Rapid detection of base liquor grades using near-infrared spectroscopy and SHAP-enhanced interpretable ensemble learning models
摘要
To achieve rapid detection of base liquor grades in strong-aroma Baijiu and enhance the interpretability of predictive models, this study developed an evaluation framework based on near-infrared (NIR) spectroscopy.

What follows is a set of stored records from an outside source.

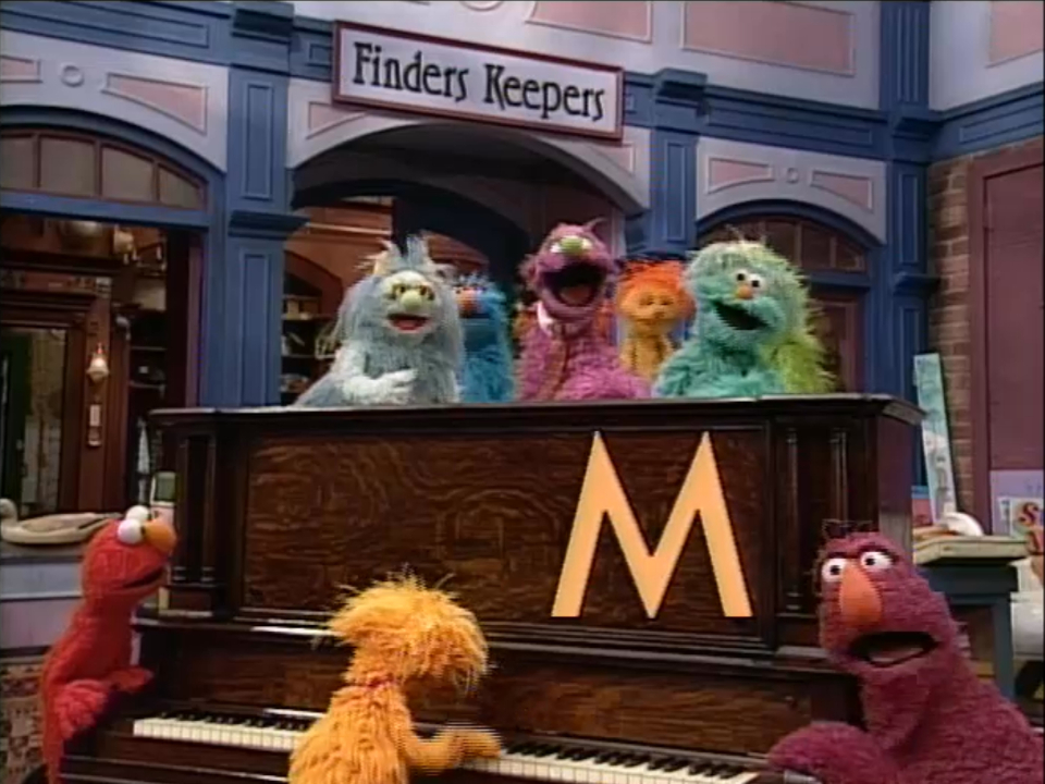 SCENE 1 | A giant letter M sits in the middle of the yard as majestic music plays. Telly and Elmo point out that M is for "Monsters." Zoe, Rosita, Humphrey, Ingrid, and Natasha show up, making them "More Monsters"; Merry, Frazzle, and some other monsters surround the M next, and now there are "Many Monsters" - which is what Elmo says they'll be seeing on Sesame Street today. |
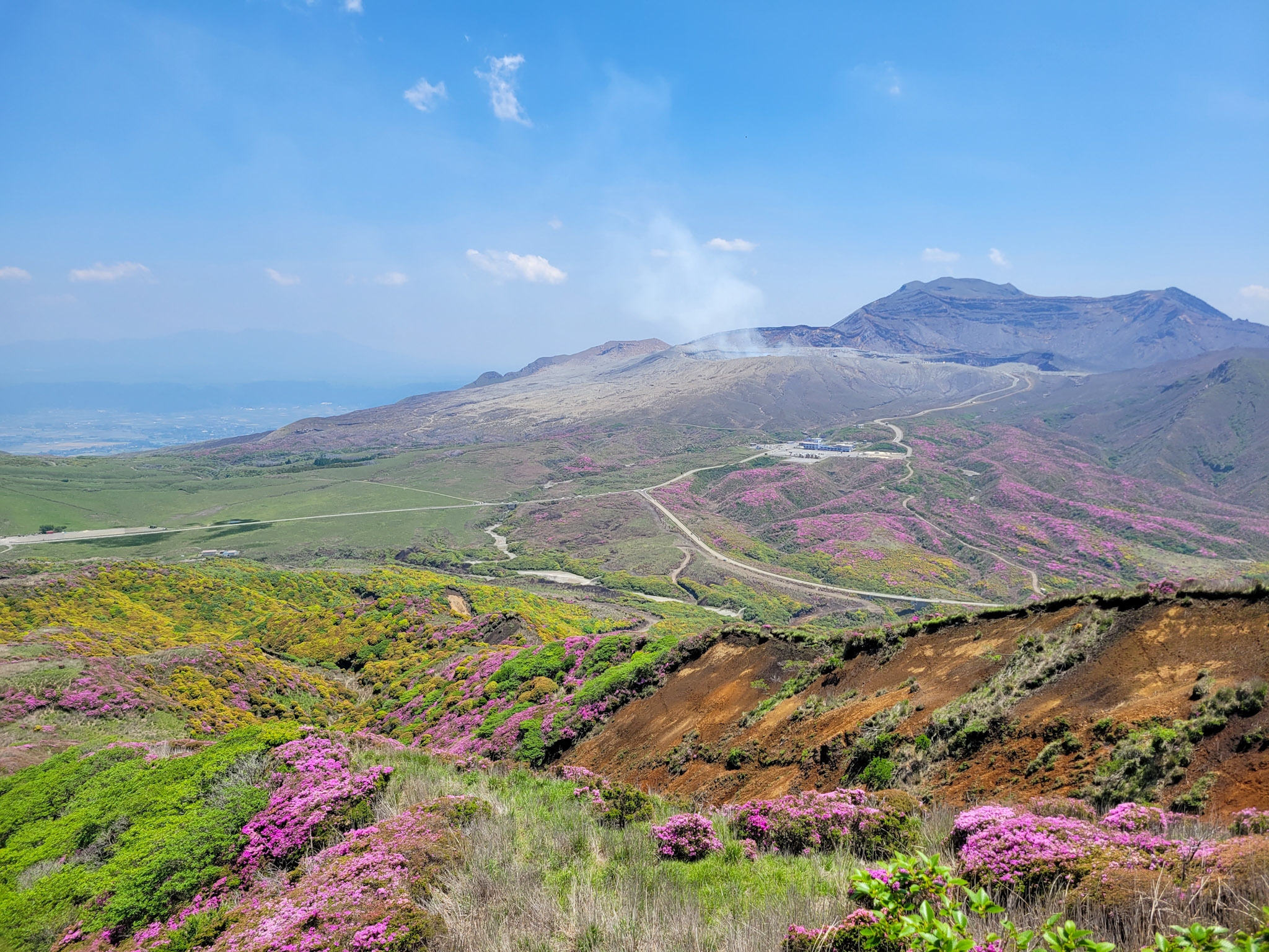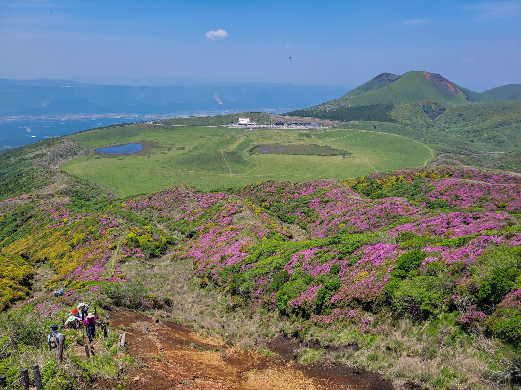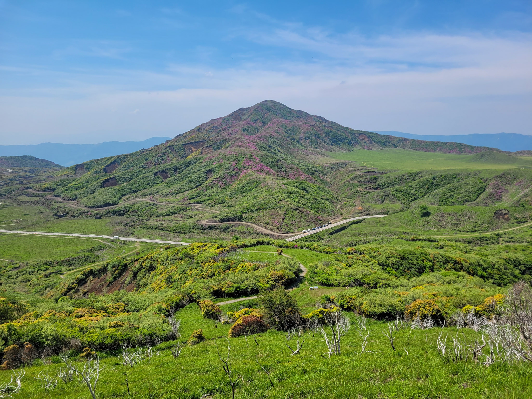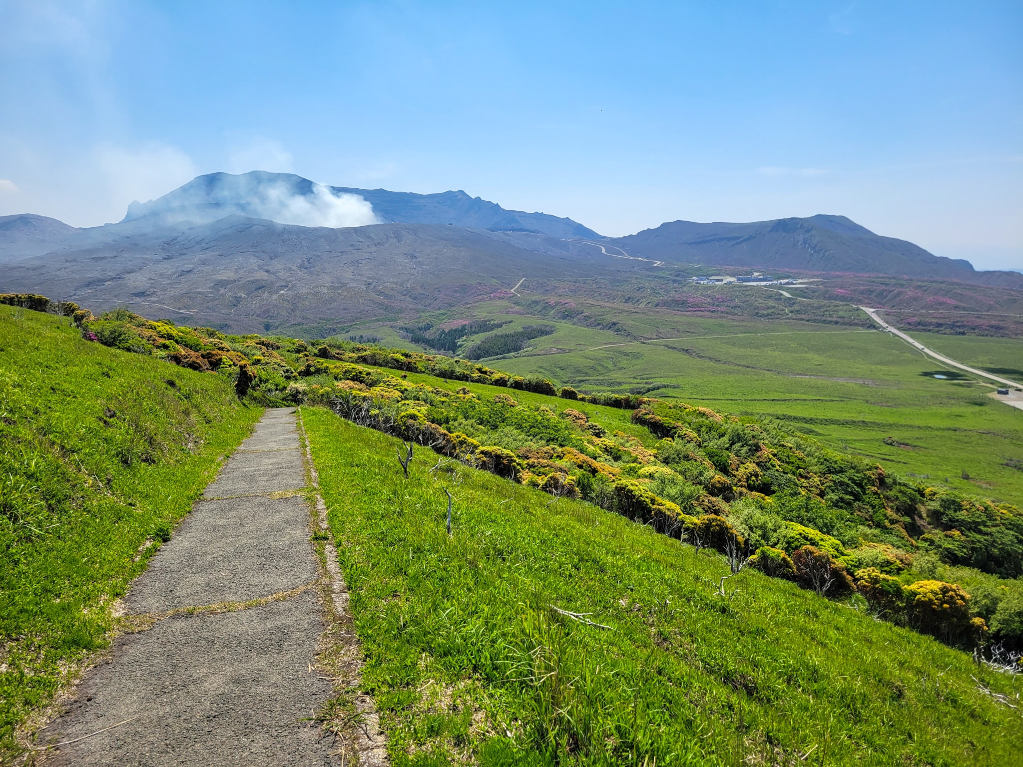 山頂付近に来ると南側のカルデラ、高森方面の眺望がひらけます。
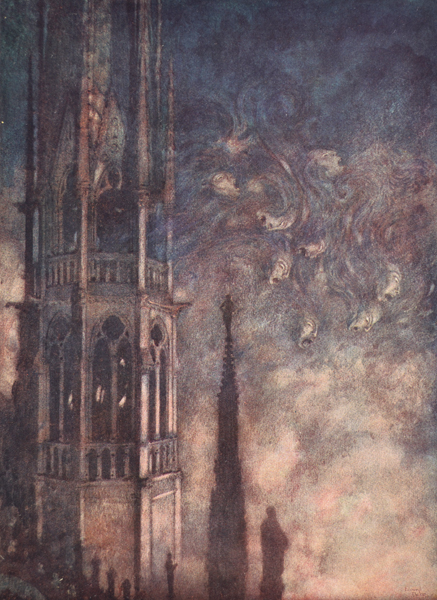 L’illustratore francese Edmond Dulac, che lavorava a Londra per l’editore Hodder and Stoughton ricevette all’inizio del Novecento l’incarico di trasporre in immagini le poesie di Poe, tra cui le celeberrime The Bells e The Raven. Si trattava veramente di una impresa ostica, Poe era considerato un apice anche in Europa grazie alla critica entusiasta di Baudelaire, Dulac aveva allora trent’anni ed era costantemente sottoposto al confronto con il fenomenale Rackham; inoltre arrischiarsi con la poesia equivaleva a camminare sul filo del rasoio.
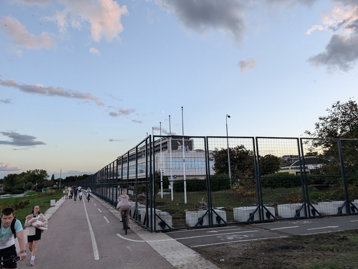 Blednira se svako drugo gradilsite. To se ne radi da bih se nesto sakrilo, nego radi sigurnosti (prasina, varnice, dim itd.)Gradilište je blindirano, za svaku slučaj.
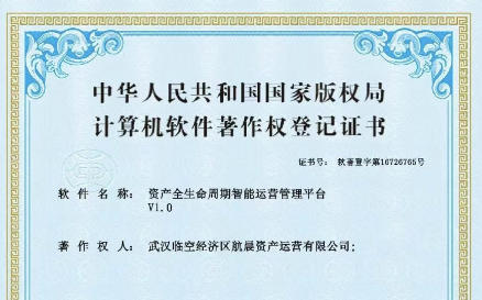 喜报 | 资产全程可控!航晨置业公司首获智能运营平台软著认证
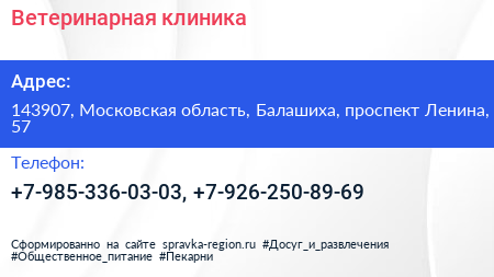 Ветеринарная клиника по адресу 143907, Московская область, Балашиха, проспект Ленина, 57 в дальнейшем Организация, размещена в следующих категориях:
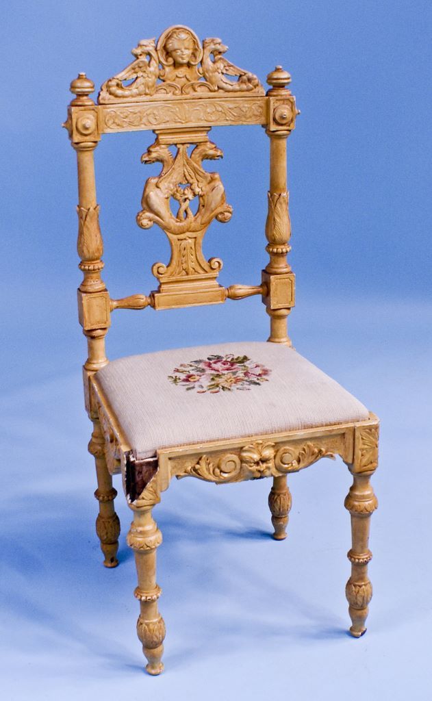 A Victorian Gothic side chair with needlepoint seat elaborately carved with winged griffins and other mythological figures, 40 1/2"h x 17"d. A Victorian Gothic side chair with needlepoint seat elaborately carved with winged griffins and other mythological figures, 40 1/2"h x 17"d.
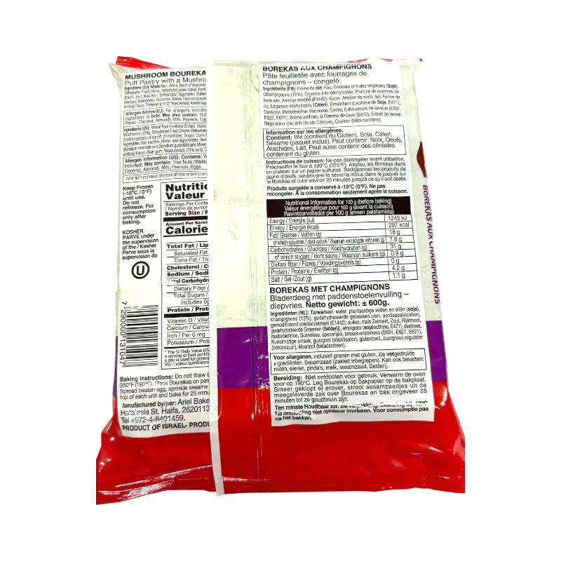 Ingredients: Wheat flour, water, vegetable oils (soy), mushrooms 11%, onion, modified starch, salt, spices, emulsifiers (E471, E472c), acidity regulator (citric acid), color (beta-carotene), sesame seeds.

First, a 9-point second-order Savitzky–Golay convolution derivative was applied to preprocess the spectra, effectively reducing spectral noise and baseline drift, which improved prediction accuracy by 8.27%. Subsequently, the Elite Neighborhood Search and Dynamic Feature Probability-Guided Crow Search Algorithm (NNS-DFPG-CSA) was utilized reducing the original 1215-dimensional spectral features to 63 dimensions, thereby significantly lowering data redundancy and model complexity. Furthermore, Bayesian optimization (Optuna) was employed to fine-tune and establish classification models using XGBoost, Light GBM, Cat Boost, Random Forest (RF), and Extremely Randomized Trees (ERT). The highest accuracy, precision, recall, and F1-score achieved were 97.92%, 97.92%, 98.27%, and 97.63%, respectively. Model interpretation with Shapley Additive exPlanations (SHAP) revealed that spectral features around 6000 cm⁻¹ contributed most significantly across different models, primarily corresponding to hydroxyl and carbonyl compounds, manifesting in the base liquor as esters and acids. These results demonstrate that the proposed approach enables rapid, non-destructive detection of Baijiu base liquor grades while improving model interpretability, providing a valuable reference for liquor grading and the broader application of NIR spectroscopy.